### Work to complete
Exact copies of the lines from the one holding "A combination of" through the last line of the entries below are to be printed, with pictures omitted.

━━━ The records ━━━

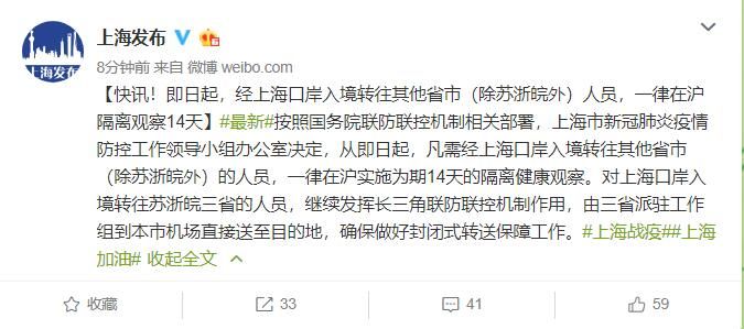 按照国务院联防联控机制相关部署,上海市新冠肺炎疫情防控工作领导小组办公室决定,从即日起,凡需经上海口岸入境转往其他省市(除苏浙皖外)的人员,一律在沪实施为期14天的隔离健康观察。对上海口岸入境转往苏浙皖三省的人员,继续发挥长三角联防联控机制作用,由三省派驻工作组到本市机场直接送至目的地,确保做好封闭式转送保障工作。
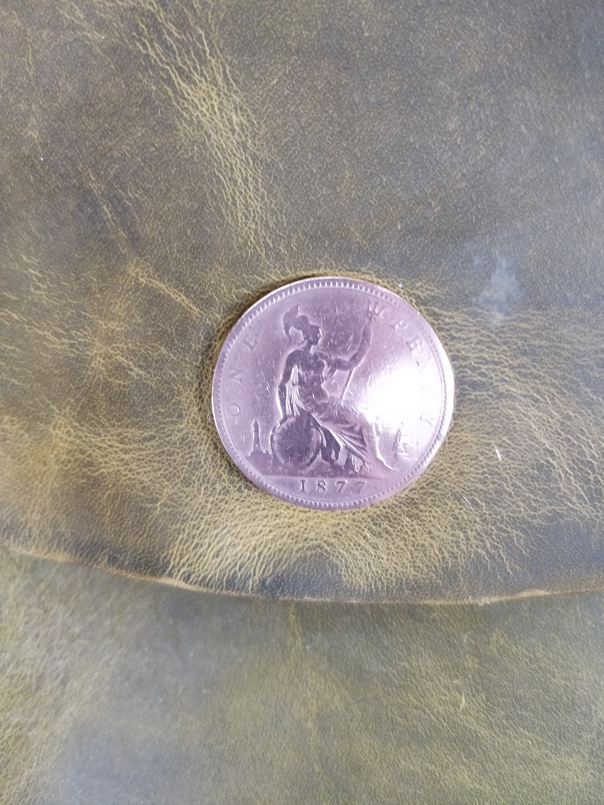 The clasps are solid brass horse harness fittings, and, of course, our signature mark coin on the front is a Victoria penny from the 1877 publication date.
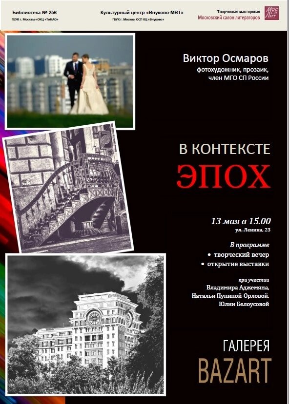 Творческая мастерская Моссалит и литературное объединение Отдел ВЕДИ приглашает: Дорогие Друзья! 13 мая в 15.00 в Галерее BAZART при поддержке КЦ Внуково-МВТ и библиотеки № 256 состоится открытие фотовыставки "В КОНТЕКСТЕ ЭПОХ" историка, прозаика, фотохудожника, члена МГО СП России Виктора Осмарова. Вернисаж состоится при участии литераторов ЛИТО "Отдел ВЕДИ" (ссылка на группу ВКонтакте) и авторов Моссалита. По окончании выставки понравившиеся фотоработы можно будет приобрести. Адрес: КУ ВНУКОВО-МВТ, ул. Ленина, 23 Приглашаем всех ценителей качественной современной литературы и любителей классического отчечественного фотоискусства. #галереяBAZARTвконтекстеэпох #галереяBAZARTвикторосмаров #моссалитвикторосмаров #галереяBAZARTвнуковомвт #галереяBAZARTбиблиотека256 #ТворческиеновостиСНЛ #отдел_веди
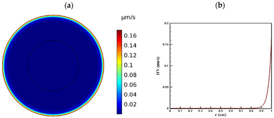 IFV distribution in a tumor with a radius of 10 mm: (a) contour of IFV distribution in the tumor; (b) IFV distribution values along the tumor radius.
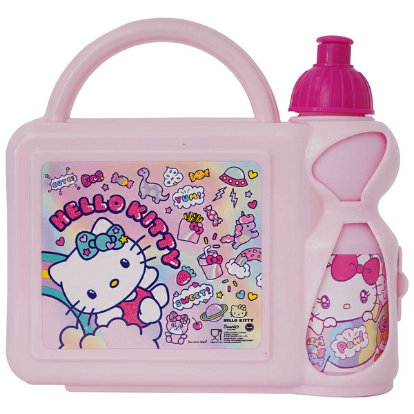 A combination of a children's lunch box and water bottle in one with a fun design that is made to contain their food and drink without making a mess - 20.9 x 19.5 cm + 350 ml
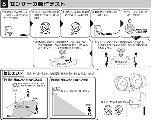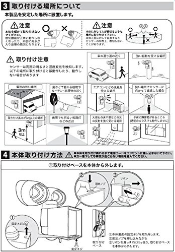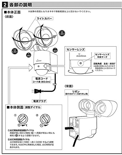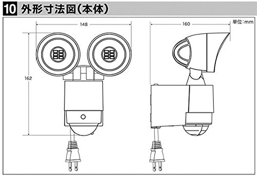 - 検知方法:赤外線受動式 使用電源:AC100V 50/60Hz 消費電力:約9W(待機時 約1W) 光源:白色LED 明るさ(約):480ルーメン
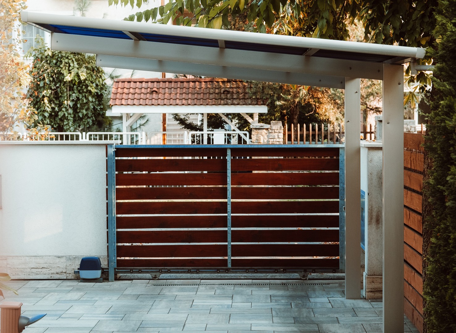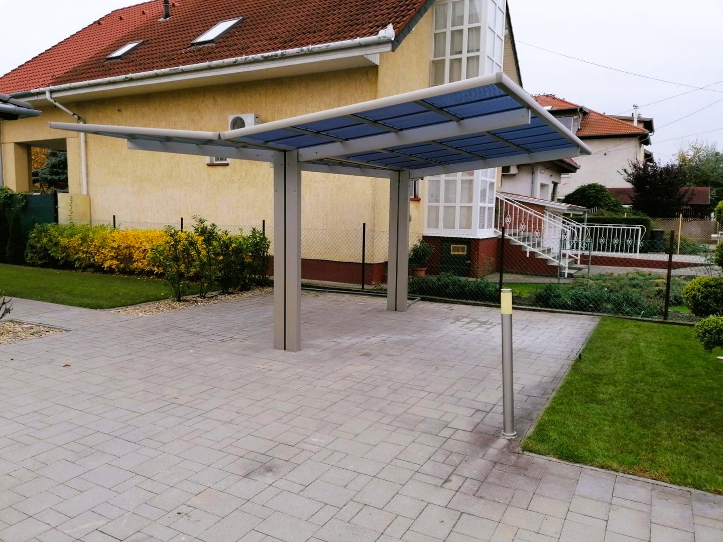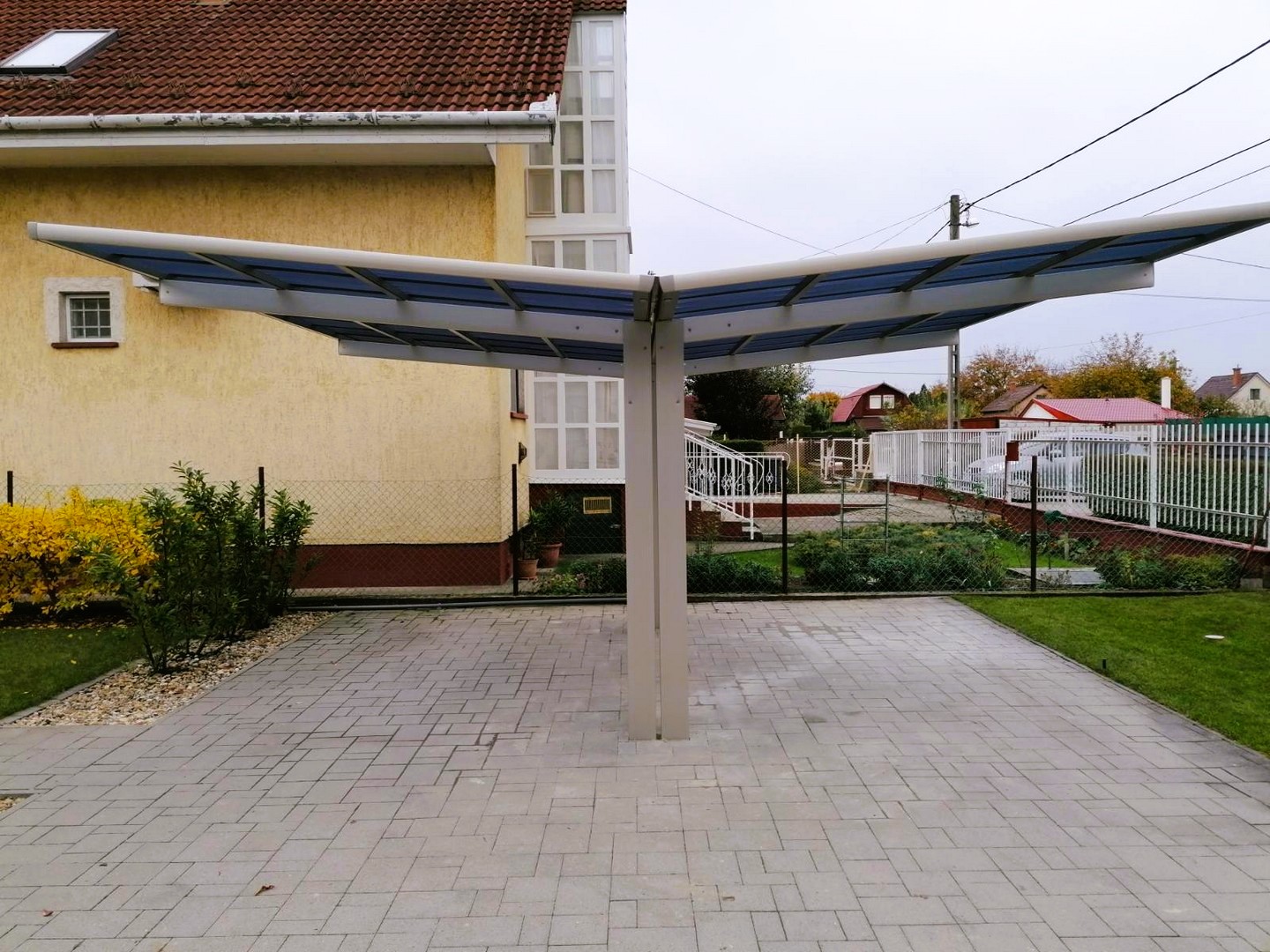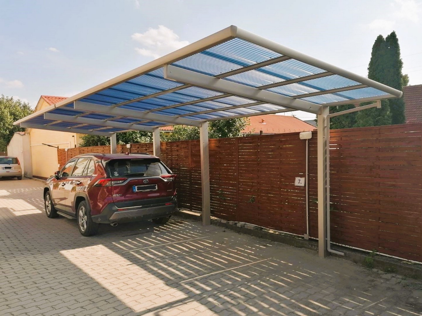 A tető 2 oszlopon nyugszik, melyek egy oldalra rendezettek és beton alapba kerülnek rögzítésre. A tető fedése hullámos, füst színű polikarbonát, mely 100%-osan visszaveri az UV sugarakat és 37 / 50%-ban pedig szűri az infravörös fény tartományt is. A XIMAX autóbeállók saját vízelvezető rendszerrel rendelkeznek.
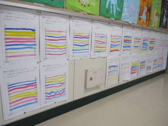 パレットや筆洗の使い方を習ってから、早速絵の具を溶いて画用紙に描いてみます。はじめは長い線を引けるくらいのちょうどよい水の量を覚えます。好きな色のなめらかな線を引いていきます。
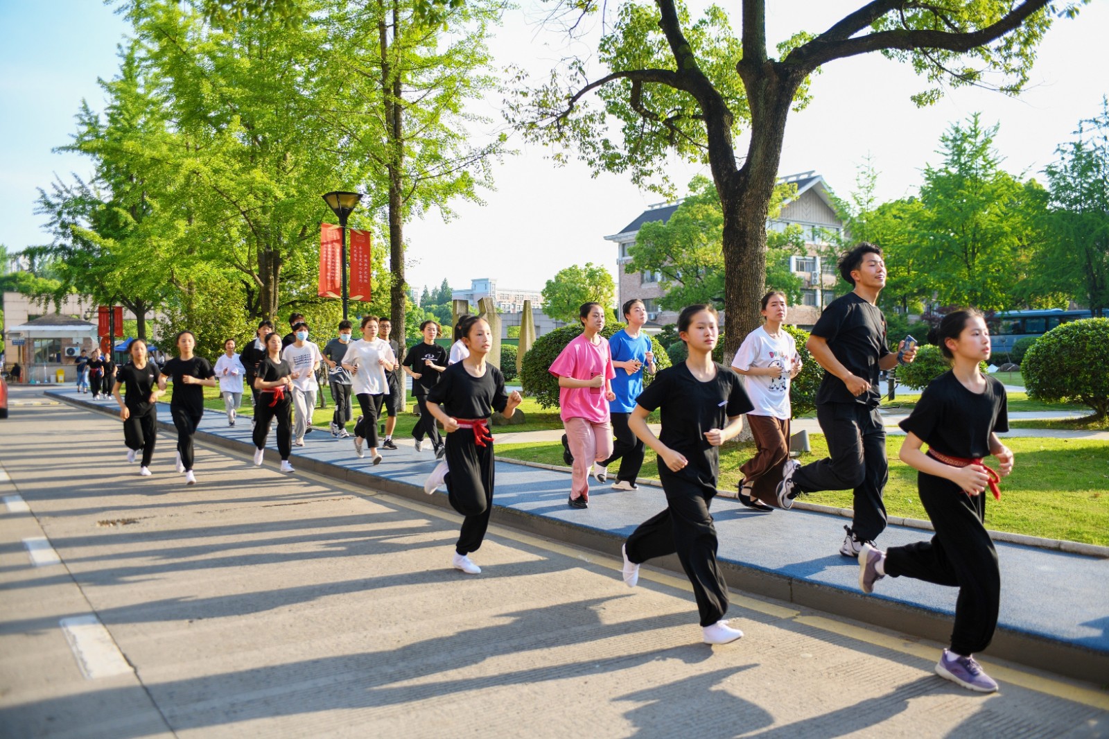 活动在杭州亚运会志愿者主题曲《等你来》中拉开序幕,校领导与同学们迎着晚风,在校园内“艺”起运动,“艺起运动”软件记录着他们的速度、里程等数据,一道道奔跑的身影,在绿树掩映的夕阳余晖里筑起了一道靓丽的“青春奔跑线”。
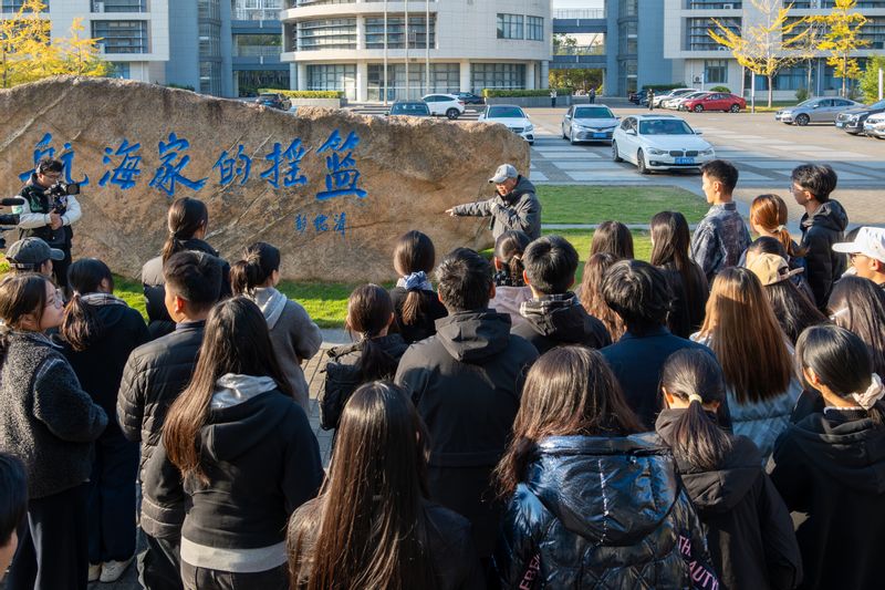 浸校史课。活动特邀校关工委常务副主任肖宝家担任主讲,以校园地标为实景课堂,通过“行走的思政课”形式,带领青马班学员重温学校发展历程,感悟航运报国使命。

━━━

### Solution for this exercise
 A combination of a children's lunch box and water bottle in one with a fun design that is made to contain their food and drink without making a mess - 20.9 x 19.5 cm + 350 ml
 - 検知方法:赤外線受動式 使用電源:AC100V 50/60Hz 消費電力:約9W(待機時 約1W) 光源:白色LED 明るさ(約):480ルーメン
 A tető 2 oszlopon nyugszik, melyek egy oldalra rendezettek és beton alapba kerülnek rögzítésre. A tető fedése hullámos, füst színű polikarbonát, mely 100%-osan visszaveri az UV sugarakat és 37 / 50%-ban pedig szűri az infravörös fény tartományt is. A XIMAX autóbeállók saját vízelvezető rendszerrel rendelkeznek.
 パレットや筆洗の使い方を習ってから、早速絵の具を溶いて画用紙に描いてみます。はじめは長い線を引けるくらいのちょうどよい水の量を覚えます。好きな色のなめらかな線を引いていきます。
 活动在杭州亚运会志愿者主题曲《等你来》中拉开序幕,校领导与同学们迎着晚风,在校园内“艺”起运动,“艺起运动”软件记录着他们的速度、里程等数据,一道道奔跑的身影,在绿树掩映的夕阳余晖里筑起了一道靓丽的“青春奔跑线”。
 浸校史课。活动特邀校关工委常务副主任肖宝家担任主讲,以校园地标为实景课堂,通过“行走的思政课”形式,带领青马班学员重温学校发展历程,感悟航运报国使命。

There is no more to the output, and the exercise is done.